There are probably better ways, but this is just off the top of my head:
I assume you have a database of words (i.e. dictionary). Add fields a-z to the database table. Write a script that sums up the count of each letter in the word and writes them in the a-z fields as an integer. I.E. for balloon, the table would look like:
id name a b ... l ... n ... o
1 balloon 1 1 2 ... 1 ... 2
Then when the user enters a word, you calculate how many of each character are in that word and match that up with the database.
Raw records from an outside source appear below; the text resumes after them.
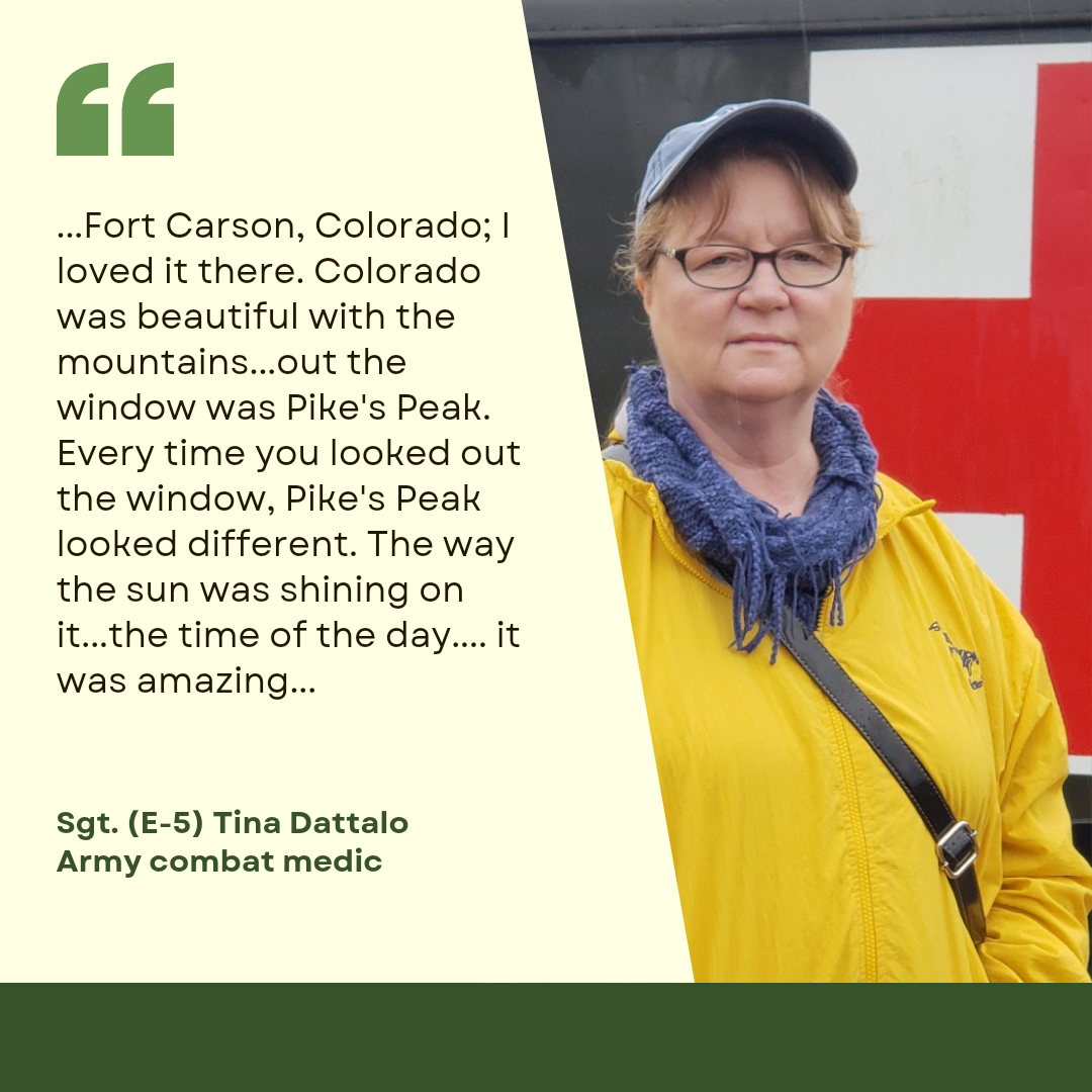 Tina Datallo recounts her decision to enter the Army with over a decade of service during the Cold War Era. Tina went from rural Michigan to Fort Carson, Colorado, Germany and Fort Knox. She describes a scary moment in boot camp at the shooting range and her experiences at the Nuremberg Stadium in Germany where Hitler gave his speeches. She also describes working in military health care during the AIDS epidemic. Tina went on to become a Registered Nurse and worked in many roles.
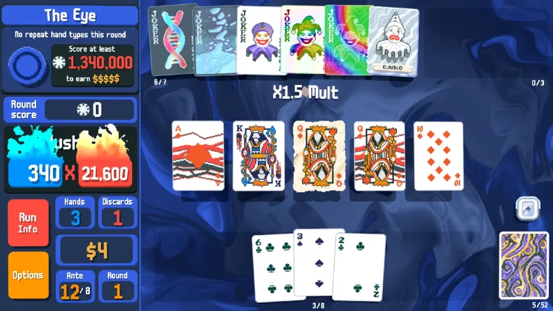 To play Balatro is to obsess over Balatro. A single run of this brilliant poker-themed roguelike can quickly turn into several. Minutes melt into an hour or more as your score multiplies into the hundreds of thousands with each carefully constructed hand played. Nothing beats the rush of watching your synergized lineup of Joker cards pop off effects in succession to shatter a round's score quota, making you feel unstoppable as the meter erupts into flames. That is, until you hit a boss blind sporting a debilitating stipulation that unravels your entire strategy. But even these crushing defeats do little to dampen the enthusiasm to start runs anew.
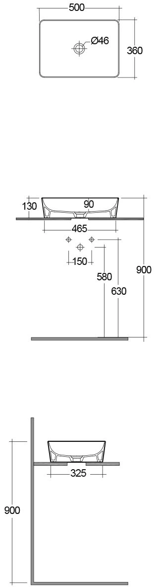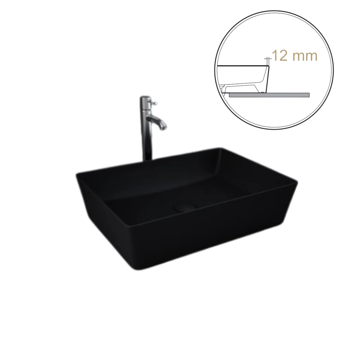 FEELING Umywalka nablatowa prostokątna 50x36 cm czarny mat (504) (Wycofywana, starsza wersja rant 12mm)
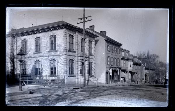 Glass negative showing a view of the National Bank at 5504 Germantown Avenue, a two-story stone building with an elaborate cornice and decorative iron bars over the windows designed by James Charles Sidney (1819-1881). Trolley tracks run down the center of the brick road. A telephone pole stands in front of the bank and a lamp post stands on the corner to the left. Other buildings line the road to the right. The National Bank of Germantown was chartered by the state of Pennsylvania in 1813 and began operations in 1814 in the parlor of the house of Dr. Charles Bensell. The bank built a new building on this site in 1868. The building was altered in 1890, 1907, and 1930.
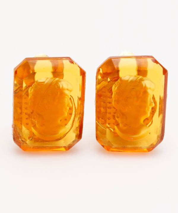 ドイツで作られたカメオガラスのイヤリング。レトロで高級感のある色合いのガラスが耳元を美しく演出してくれます。
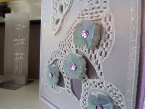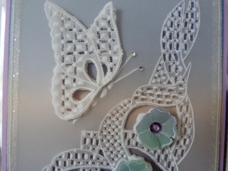 A completely handmade and unique designed card. Consisting of parchment which has been embossed, cut and pierced into an intricate design, with double layered flowers and butterfly. Mounted onto blue shaded vellum, then lilac pearl card, then silver mirri then quality pristine white card. Embellished with rhinestones, sequins and fine glitter bordering the parchment.
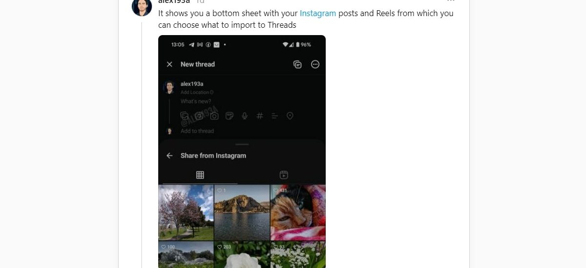 Tapping the new Instagram button in the compose box in Threads will display a grid with Instagram posts and Reels. Users can then choose which Reels and posts they want to share on Threads. Meta reportedly confirmed to TechCrunch that it is indeed testing the feature.
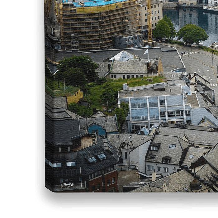 Luchtopname van de kleurrijke huizen in Art Nouveau architectuur, gelegen op enkele eilanden in de stad Ålesund aan de Westkust van Noorwegen in de regio Møre og Romsdal, gezien vanaf de berg Aksla.
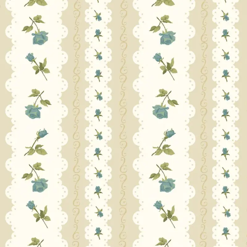 Tricoline Fernando Maluhy - Listrado Bege E Azul - 100% Algodão - C03
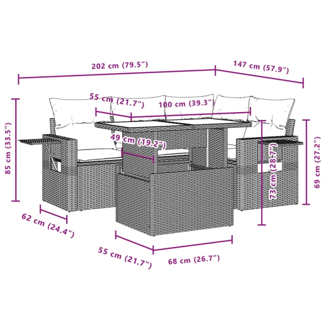 vidaXL Vrtna sedežna garnitura 5-delna z blazinami siv poli ratan
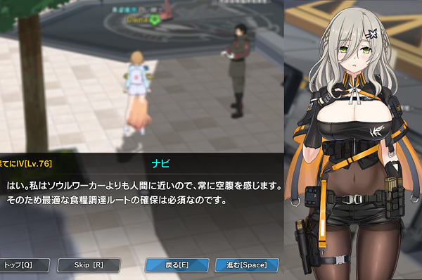 少なくともハルルートを進めていて合流したナビちゃんは、自身を「第二世代」「ソウルワーカーではない」と話すなど自身の能力不足を知りながらも自分なりに努力をしてソウルワーカーたちに並ぼうとする強い子です。
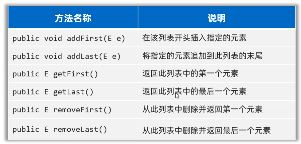 LinkedList集合是基于双向链表实现了,所以相对于ArrayList新增了一些可以针对头尾进行操作的方法,如下图示所示:
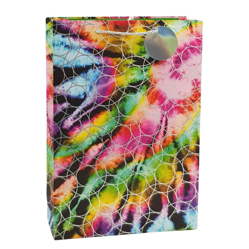 This Tie Dye Blast XL Gift Bag is the perfect way to show your appreciation for someone special. This extra-large gift bag is made from durable, high-quality paper and features a vibrant tie-dye design. The bag measures and is perfect for holding larger gifts such as clothing, toys, and more. The bag is also equipped with a reinforced handle for easy carrying.
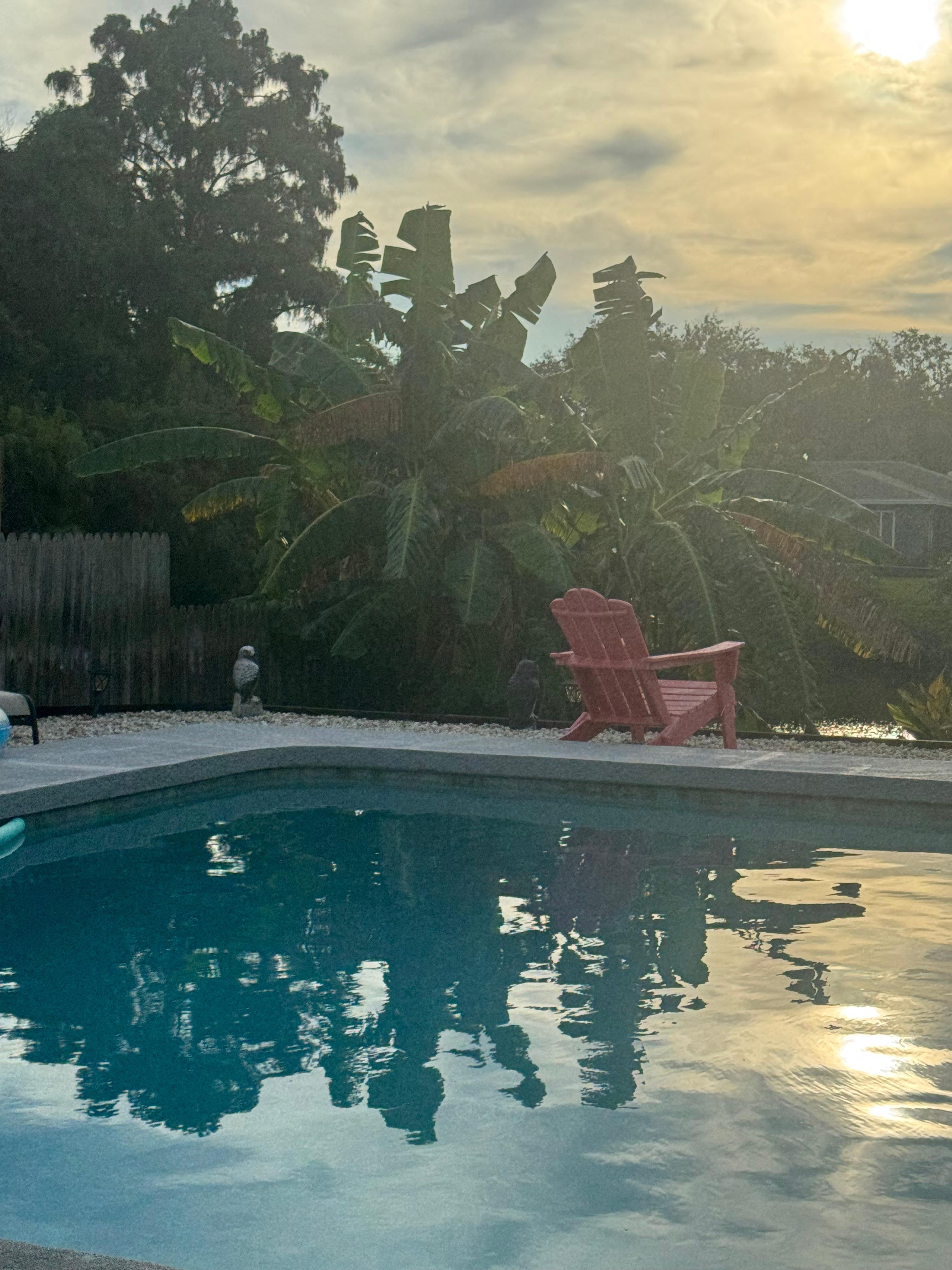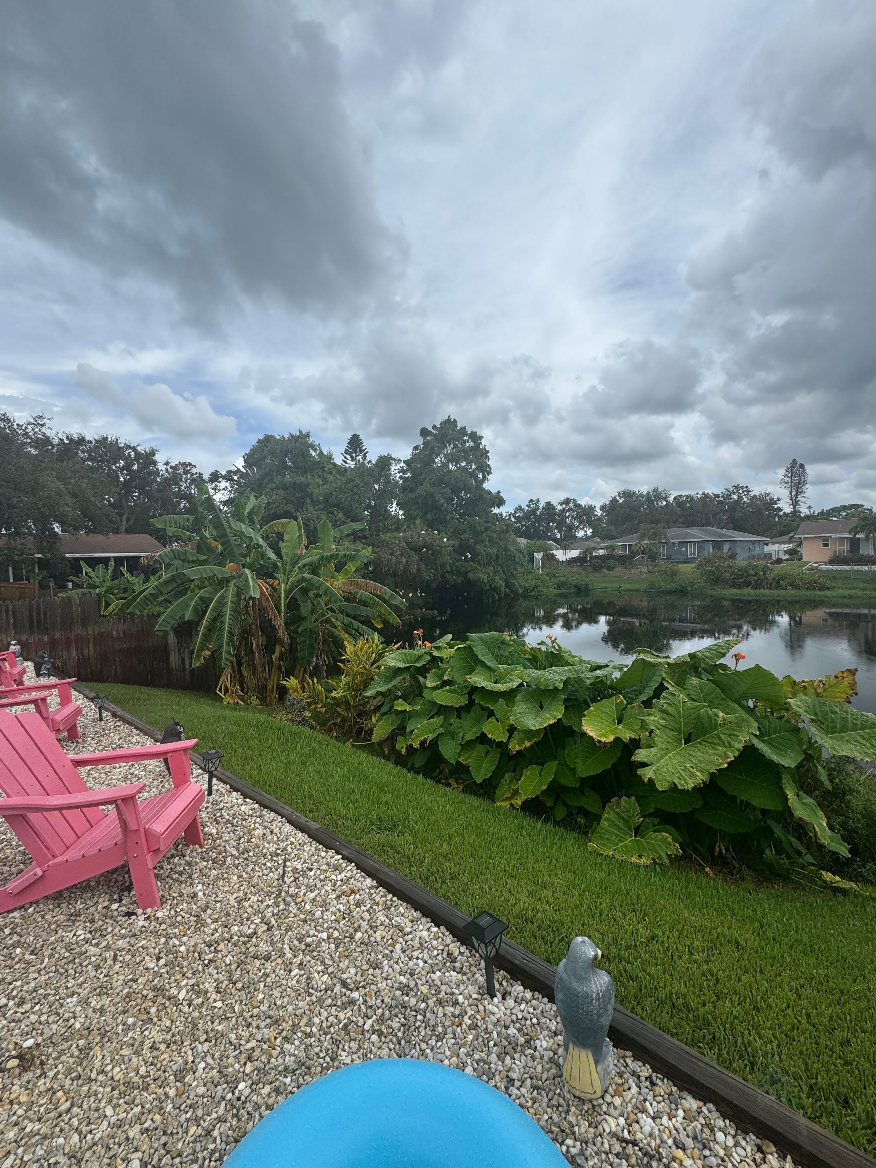 Step outside to a private oasis into the large sitting area with string lights and water views that overlooks the pool. If you need to break away for some peace and quiet, meditation or a little yoga, this is your spot!

// User enters 'zqlamonrlob'
// You count the letters:
a b c d e f g h i j k l m n o p q r s t u v w x y z
1 1 0 0 0 0 0 0 0 0 0 2 1 1 2 0 1 1 0 0 0 0 0 0 0 1
// Query the database
$sql = "SELECT `name` FROM `my_table` WHERE `a` <= {$count['a'] AND `b` <= {$count['b'] ...}";
That would get you a list of words that use some or all of the letters that the user entered.
Here's a regex, just to show it can (but not necessarily should) be done:
preg_match('/^(?:t()|u()|r()|t()|l()|e()|.)+$\1\2\3\4\5\6/i', 'efjlnrrttuwx')
matches.
How does it work? Empty capturing parentheses always match if the preceding letter matches. The backreferences at the end of the regex make sure that each of the characters has participated in the match. Therefore,
preg_match('/^(?:t()|u()|r()|t()|l()|e()|.)+$\1\2\3\4\5\6/i', 'efjlnrrtuwx')
(correctly) will not match because there is only one t in the string but the regex needs two different ts.
The problem is that of course the regex engine has to check many permutations to arrive at this conclusion. While a successful match may be quite fast (175 steps of the regex engine in the first case), an unsuccessful match attempt can be expensive (3816 steps in the second case).
I think you need to approach this problem from the opposite direction.
Loop through your list of words, testing the words with the specified number of characters, to see if the word characters are in the specified character set.